Читать книгу Просвещать и карать. Функции цензуры в Российской империи середины XIX века онлайн

50 страница из 169

Неожиданное и нелепое приключение, которое заслуживает подробного описания. Вчера утром, около двенадцати часов, я вернулся с лекции из Екатерининского института и, ничего не подозревая, преспокойно занимался у себя в кабинете. Вдруг является жандармский офицер и в отборных выражениях просит пожаловать к Леонтию Васильевичу Дубельту.

<…>

Нас ввели к Дубельту.

– Ах, мои милые, – сказал он, взяв нас за руки, – как мне грустно встретиться с вами по такому неприятному случаю. Но думайте сколько хотите, – продолжал он, – вы никак не догадаетесь, почему государь недоволен вами.

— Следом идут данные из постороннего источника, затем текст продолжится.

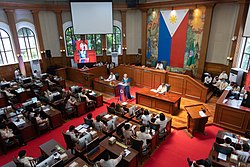 As of May 2022, the Mayor of Manila is Maria Shielah "Honey" Lacuna-Pangan, daughter of former Manila vice mayor Danilo Lacuna. Lacuna is the city's first female mayor.[314] The vice mayor is Yul Servo. The mayor and the vice mayor are limited to up-to three terms, each term lasting for three years. The city has an ordinance penalizing cat-calling since 2018, and is the second city in the Philippines to do so after Quezon City, which passed a similar ordinance in 2016.[315] In 2017, the city government planned to revise the existing curfew ordinance since the Supreme Court declared it unconstitutional in August that year. Of the three cities reviewed by the Supreme Court; the City of Manila, Navotas, and Quezon City; only the curfew ordinance of Quezon City was approved.[316][317]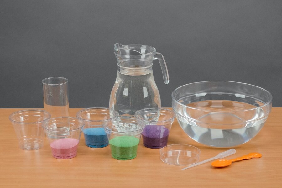 10. Возьми миску с водой и начни засыпать в неё гидрофобный песок разного цвета.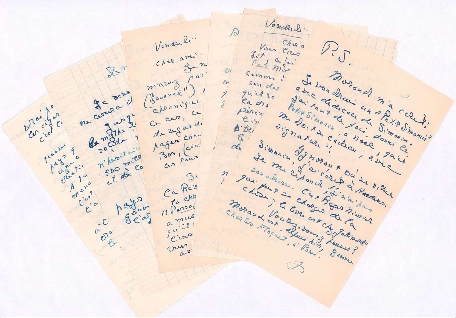 Correspondance de 19 lettres autographes la plupart signées adressées à Roger Nimier.de Jacques CHARDONNE à Roger NIMIER, avec enveloppes, lettres in-4.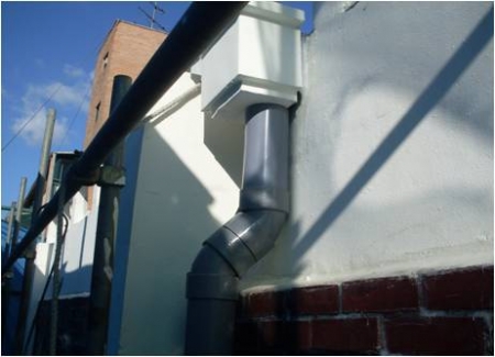 외부 벽체 우수관 설치 작업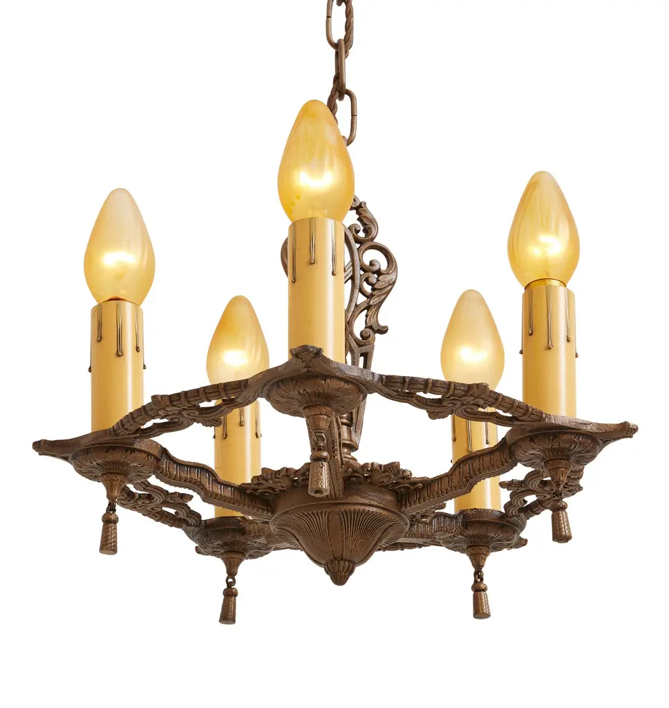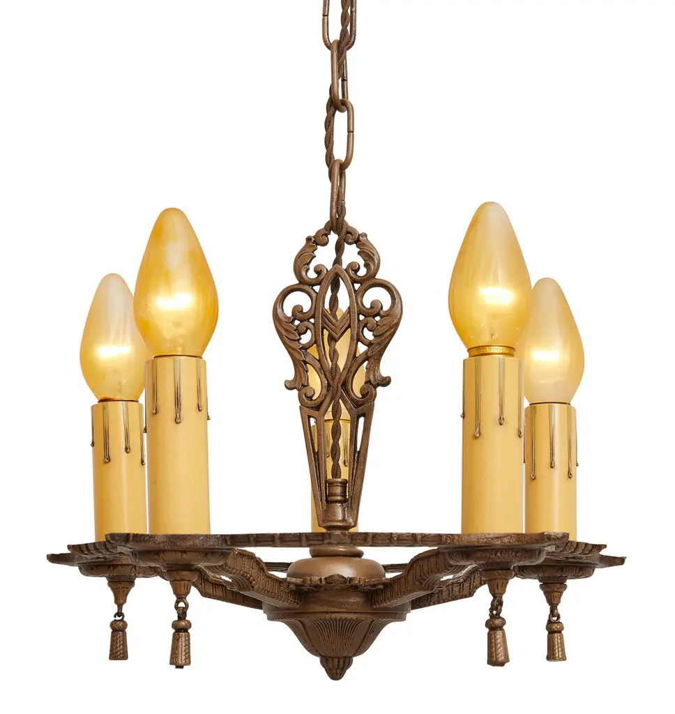 Vintage Classical Revival 5 Light Chandelier Smaller Frame With Decortive Tassles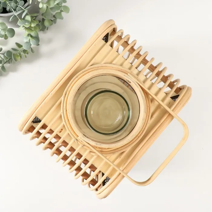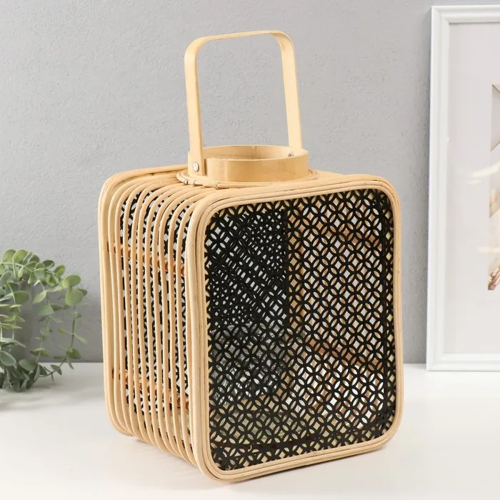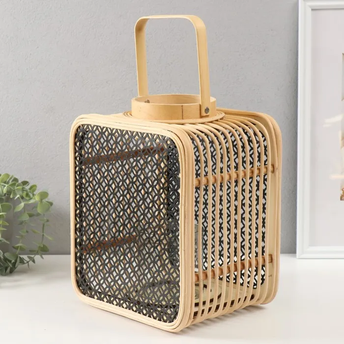 Подсвечник-фонарь на 1 свечу «Сеточка. Прямоугольный», ротанг, металл, 31.5×24.5×19 см — Характеристики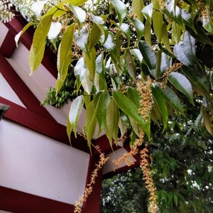 5月から6月にかけて遠目に見る山に🌳モコモコした黄色の樹木が際立ってる 皆さんのとこにも見えるかな… どうやら、スダジイの雄花が新しく出した枝に咲いてるようだ🌿💛強い香りがあり、虫を引き寄せる ドングリは、食べれるみたい 神社の境内に終盤の雄花を見つけた!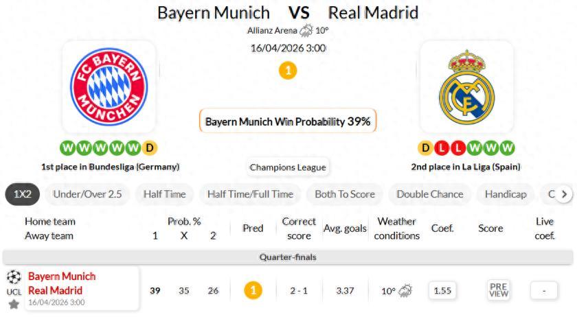 本次對決首回合交鋒,拜仁在皇馬主場拿到2-1的勝利。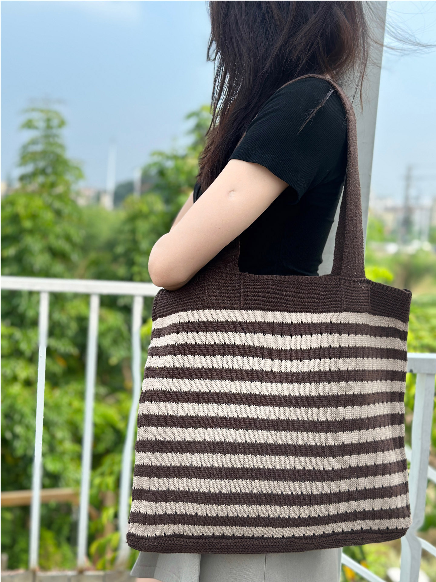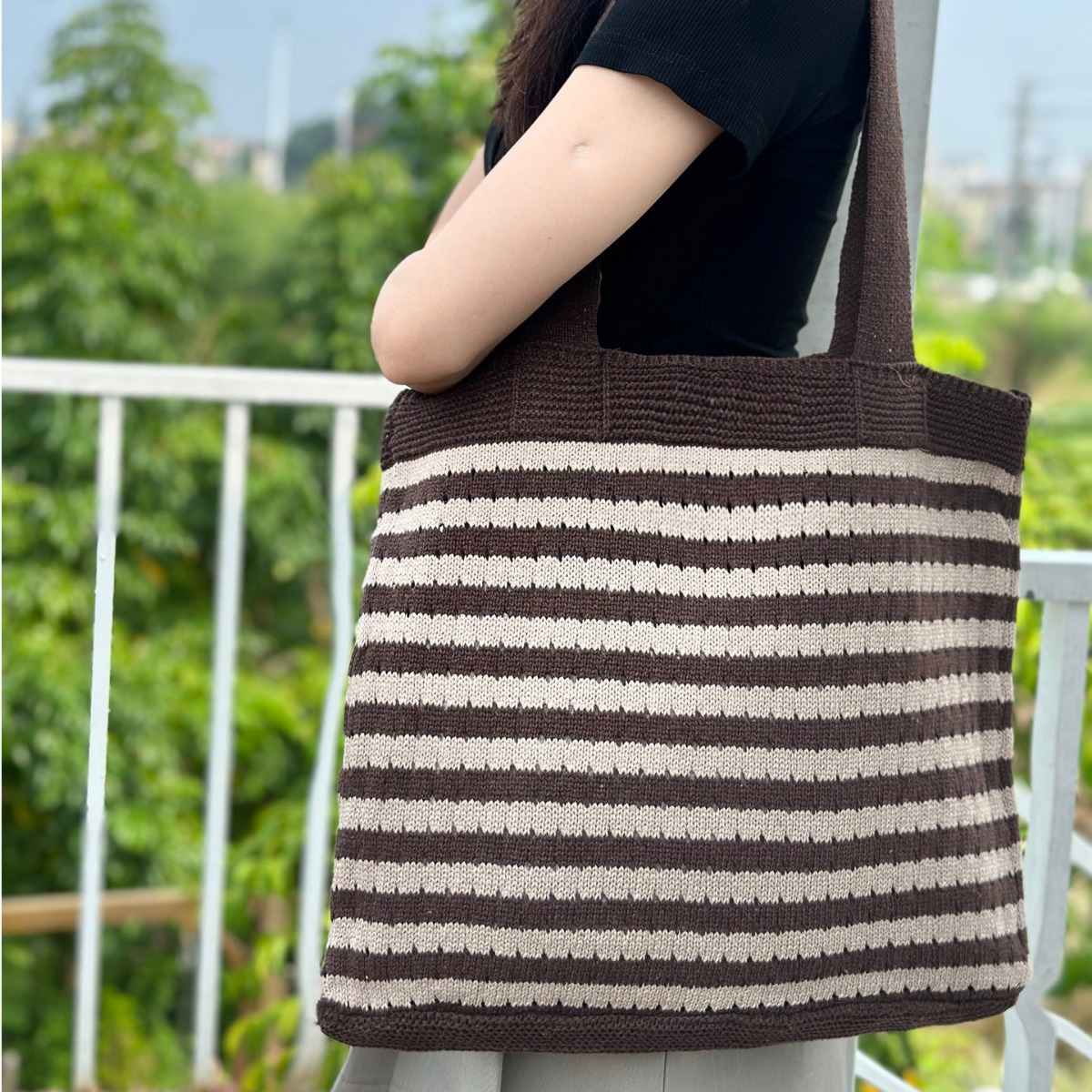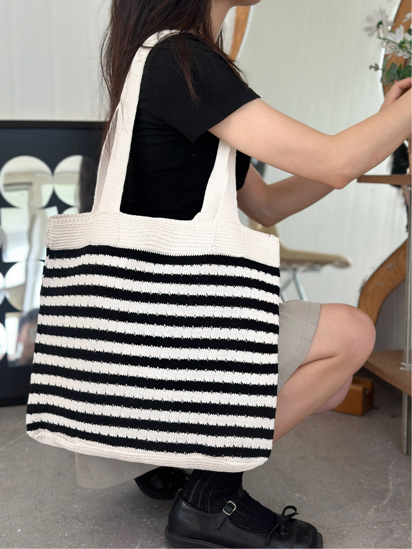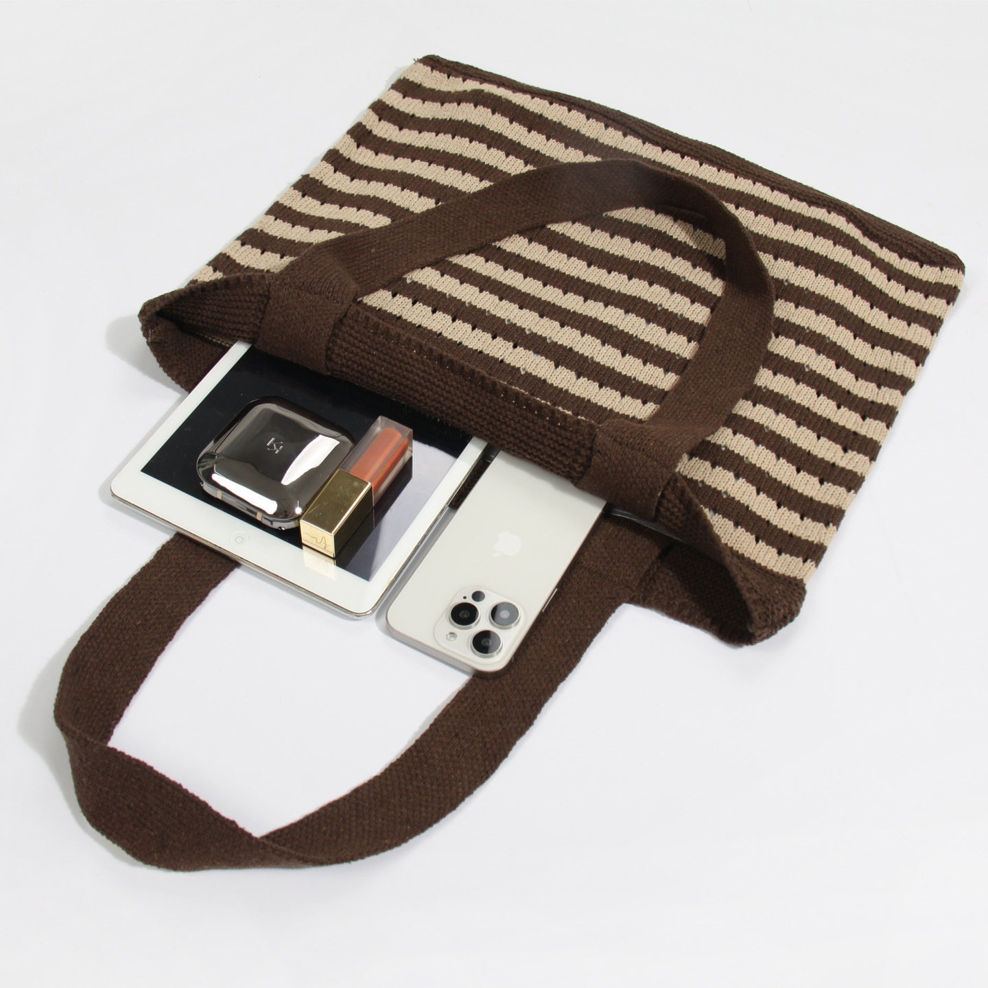 Cross-border Exclusive New Large Capacity Striped Tote Bag Casual All-match Women's Knitted Bag Niche Shoulder Bag for Women

С этими словами он открыл восьмой номер «Сына отечества» и указал на два места, отмеченные карандашом. <…>

<…> теперь я вижу, что настоящий случай равняется кому снега с крыши, который на вас валится, когда вы идете по тротуару. Против таких взысканий нет ни заслуг, их предупреждающих, ни предосторожностей, потому что они выходят из ряда дел разумных, из круга человеческой логики (Никитенко, т. 1, с. 252–253).

Финальные фразы цитированного эпизода близки к замечанию из «Былого и дум» Герцена, описывающего неожиданный визит жандарма от А. Ф. Орлова: «Появление полицейского в России равняется черепице, упавшей на голову…» (Герцен, т. 9, с. 221). Герцен, разумеется, вряд ли мог знать о содержании неопубликованного дневника Никитенко; тем не менее совпадение достаточно показательное: общая логика анекдотического рассказа о нелепости социального устройства николаевской России объединяет пострадавшего по службе цензора и политического эмигранта, активного противника российского правительства.